I could scarcely believe my eyes as I picked up the money. You may think it was a very little thing, and in these days it seems to me like a trifle, but it was a most important incident in my life. I could scarcely credit that I, a poor boy, had earned a dollar in less than a day; that by honest work I had earned a dollar. I was a more hopeful and thoughtful boy from that time."

The goods were sold profitably at New Orleans and the return trip was made by steamboat. This was about twenty years after Fulton's first voyage from New York to Albany, which required seven days. Steamboats had been put on the Ohio and Mississippi rivers, but these crafts were of primitive construction--awkward as to shape and slow as to speed.

The frequency of boiler explosions was proverbial for many years. The lads, Gentry and Lincoln, returned home duly and the employer was well satisfied with the results of the expedition.

In 1830 the epidemic "milk sick" reappeared in Indiana, and Thomas Lincoln had a pardonable desire to get out of the country. Illinois was at that time settling up rapidly and there were glowing accounts of its desirableness. Thomas Lincoln's decision to move on to the new land of promise was reasonable. He sold out and started with his family and household goods to his new destination. The time of year was March, just when the frost is coming out of the ground so that the mud is apparently bottomless. The author will not attempt to describe it, for he has in boyhood seen it many times and knows it to be indescribable.

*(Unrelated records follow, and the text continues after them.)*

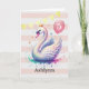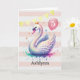A beautiful swan princess birthday card for her 5th birthday. You can personalise this birthday swan card with her name and age. Features pink, gold and a pretty swan princess with a pink balloon on the front. The inside card message can be also personalised if wanted. A beautiful birthday card keepsake for daughter, granddaughter, etc.
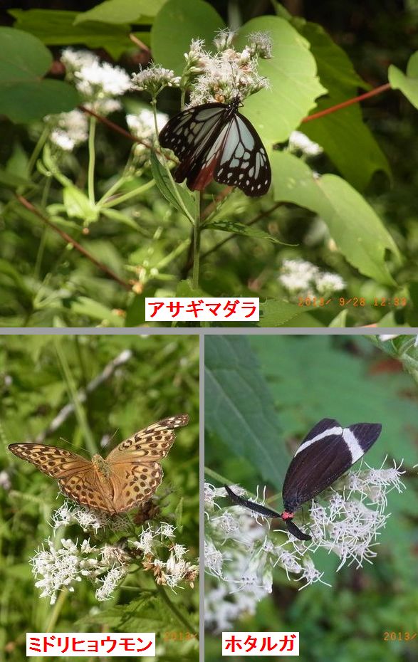 - 2.ヒヨドリバナに集まる蝶・蛾の仲間。この時期定番のアサギマダラも
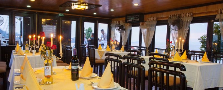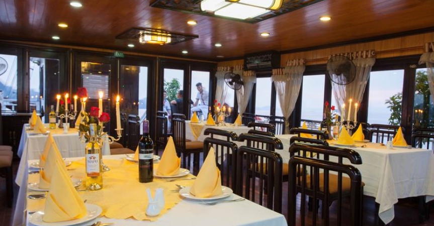 Khu nhà hàng và quầy bar của Việt Beauty được thiết kế rất rộng rãi, có tầm nhìn tuyệt vời ra cảnh biển xung quanh và không gian lãng mạn. Du khách được thỏa thích thưởng thức những món hải sản tươi ngon được đánh bắt từ biển Hạ Long hay những thức đồ uống mát lành được pha chế những batender chuyên nghiệp.
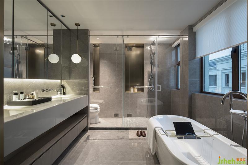 空间搭配上,浴室也绝不含糊。高级大气的沉稳灰色系,镜面与岩板相嵌,暖黄色灯具打破灰调沉闷,让空间展示精致摩登与沉稳经典的低调气质。
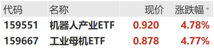 高端制造板块2月29日也表现强劲,机器人产业ETF(159551)、工业母机ETF(159667)均涨超4.7%。
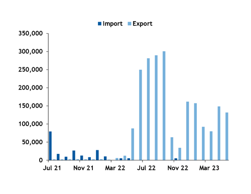 Butane arrivals in China reached 744,600t in June according to Vortexa, and imports are expected to remain elevated in the coming months as Sanjiang Petrochemical ramps up its new cracker and with butane expected to remain at large discounts to naphtha and propane. Import demand should be supported by healthier cracker use in July-December following maintenance season, while Befar Group's new 740,000 t/yr MTBE plant is due to launchin Shandong in the fourth quarter.
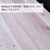 東濃ひのきから水蒸気蒸留法によって抽出したオイルは、ひのきの香りや成分を余すことなくたっぷりと含んでいます。
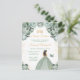 Esta elegante y glamurosa invitación de cumpleaños para dulces dieciséis presenta a una hermosa princesa con cabello castaño en un vestido de gala verde salvia. El texto combina letra manuscrita y fuentes modernas sans serif para un look clásico y sofisticado. Los arreglos florales, la mariposa y el confeti dorado crean la mezcla perfecta de rústico y chic.

It was Abe's duty to drive the four yoke of oxen, a task which must have strained even his patience.

They settled in Macon County, near Decatur. There the son faithfully worked with his father until the family was fairly settled, then started out in life for himself. For he had now reached the age of twenty-one. As he had pa.s.sed through the periods of childhood and youth, and was on the threshold of manhood, it is right and fitting to receive at this point the testimony of Sally Bush, his stepmother:

"Abe was a good boy, and I can say what scarcely one woman--a mother-- can say in a thousand: Abe never gave me a cross word or look, and never refused, in fact or appearance, to do anything I requested him. I never gave him a cross word in all my life.... He was a dutiful son to me always. I think he loved me truly. I had a son John who was raised with Abe. Both were good boys; but I must say, both being now dead, that Abe was the best boy I ever saw, or expect to see."

These words of praise redound to the honor of the speaker equally with that of her ill.u.s.trious stepson.

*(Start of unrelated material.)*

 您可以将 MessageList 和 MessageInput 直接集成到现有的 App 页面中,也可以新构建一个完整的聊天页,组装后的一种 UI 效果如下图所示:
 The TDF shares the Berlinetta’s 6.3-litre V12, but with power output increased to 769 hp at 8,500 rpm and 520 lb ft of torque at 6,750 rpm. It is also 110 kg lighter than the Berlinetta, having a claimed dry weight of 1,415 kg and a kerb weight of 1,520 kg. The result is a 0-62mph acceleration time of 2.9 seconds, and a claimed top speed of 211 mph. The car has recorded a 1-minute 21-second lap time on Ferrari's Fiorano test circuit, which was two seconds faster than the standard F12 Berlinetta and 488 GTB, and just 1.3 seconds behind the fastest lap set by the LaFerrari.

Lincoln came into the estate of manhood morally clean. He had formed no habits that would cause years of struggle to overcome, he had committed no deed that would bring the blush of shame to his cheek, he was as free from vice as from crime. He was not profane, he had never tasted liquor, he was no brawler, he never gambled, he was honest and truthful. On the other hand, he had a genius for making friends, he was the center of every social circle, he was a good talker and a close reasoner. Without a thought of the great responsibilities awaiting him, he had thus far fitted himself well by his faithfulness in such duties as fell to him.

CHAPTER V.

SECOND JOURNEY TO NEW ORLEANS.

The first winter in Illinois, 1830-31, was one of those epochal seasons which come to all communities. It is remembered by "the oldest inhabitant" to this day for the extraordinary amount of snow that fell.

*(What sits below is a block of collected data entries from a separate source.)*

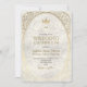 Mit diesem Vintag inspirierten Hochzeitskonzert mit luxuriösem Elfenbeinmarmor und einem faszinierenden goldenen Blumenrahmen laden Sie Ihre Gäste zeitlos ein. Die ovale Grenze und das Monogramm-Wappen fügen eine königliche Touch hinzu, während die elegante Serif- und Schrift-Typografie Raffinesse und Romantik vereinen. Diese Einladung eignet sich ideal für klassische, formelle oder hochklassige Hochzeiten und Anzüge traditioneller Zeremonien und luxuriöser Empfänge. Ein hervorragendes Stück für Ihre luxuriöse Hochzeitssuite.
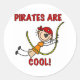 Stick figure pirate design features a stick figure pirate wearing an eye patch and cap swinging from a rope and text that reads "Pirates are Cool!". If you love pirates you're sure to love this awesome pirate design!
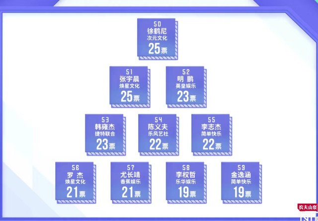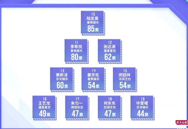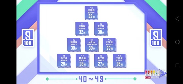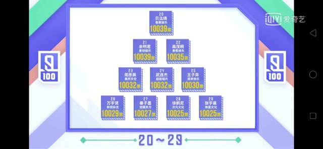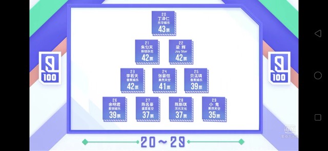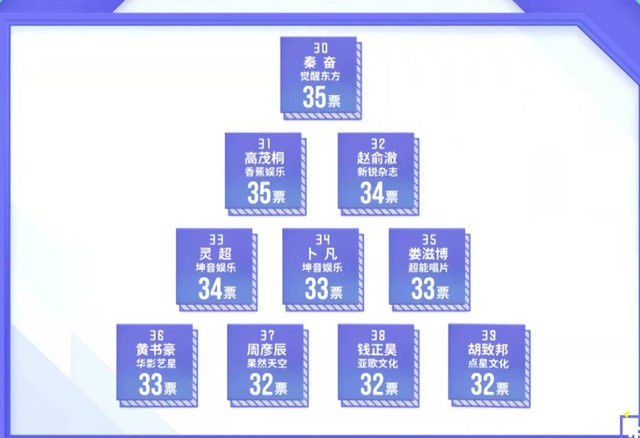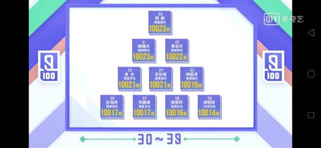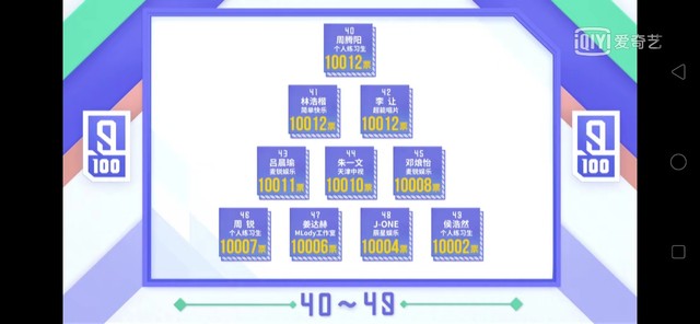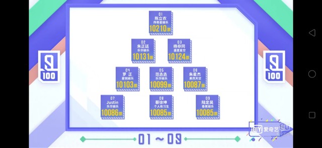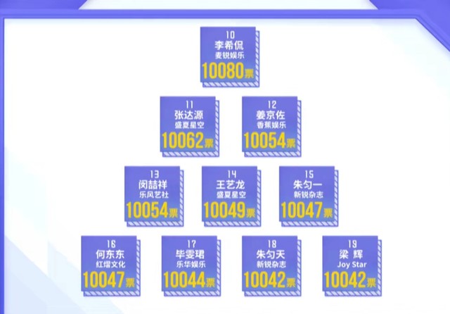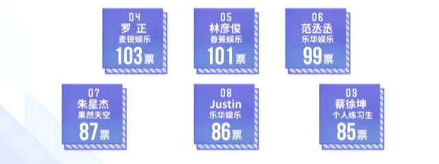 黄冉公开的是经过全民制作人现场投票优胜的八个小组加上10000票以后的排名
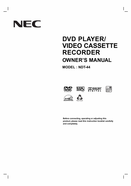 Telecharger NEC NDT-44 (NDT44) Mode emploi Anglais (38 Pages) 15.90 EUR

There is little doing in such a community during any winter; but in such a winter as that there was practically nothing doing. Lincoln always held himself ready to accept any opportunity for work, but there was no opening that winter. The only thing he accomplished was what he did every winter and every summer of his life: namely, he made many friends.

When spring opened, Denton Offutt decided to send a cargo of merchandise down to New Orleans. Hearing that Lincoln, John Hanks, and John Johnston were "likely boys," he employed them to take charge of the enterprise. Their pay was to be fifty cents a day and "found," and, if the enterprise proved successful, an additional sum of twenty dollars. Lincoln said that none of them had ever seen so much money at one time, and they were glad to accept the offer.

Two events occurred during this trip which are of sufficient interest to bear narration.

The boat with its cargo had been set afloat in the Sangamon River at Springfield. All went well until, at New Salem, they came to a mill dam where, in spite of the fact that the water was high, owing to the spring floods, the boat stuck. Lincoln rolled his trousers "five feet more or less" up his long, lank legs, waded out to the boat, and got the bow over the dam. Then, without waiting to bail the water out, he bored a hole in the bottom and let it run out. He constructed a machine which lifted and pushed the boat over the obstruction, and thus their voyage was quickly resumed. Many years later, when he was a practising lawyer, he whittled out a model of his invention and had it patented.

The model may to-day be seen in the patent office at Was.h.i.+ngton. The patent brought him no fortune, but it is an interesting relic.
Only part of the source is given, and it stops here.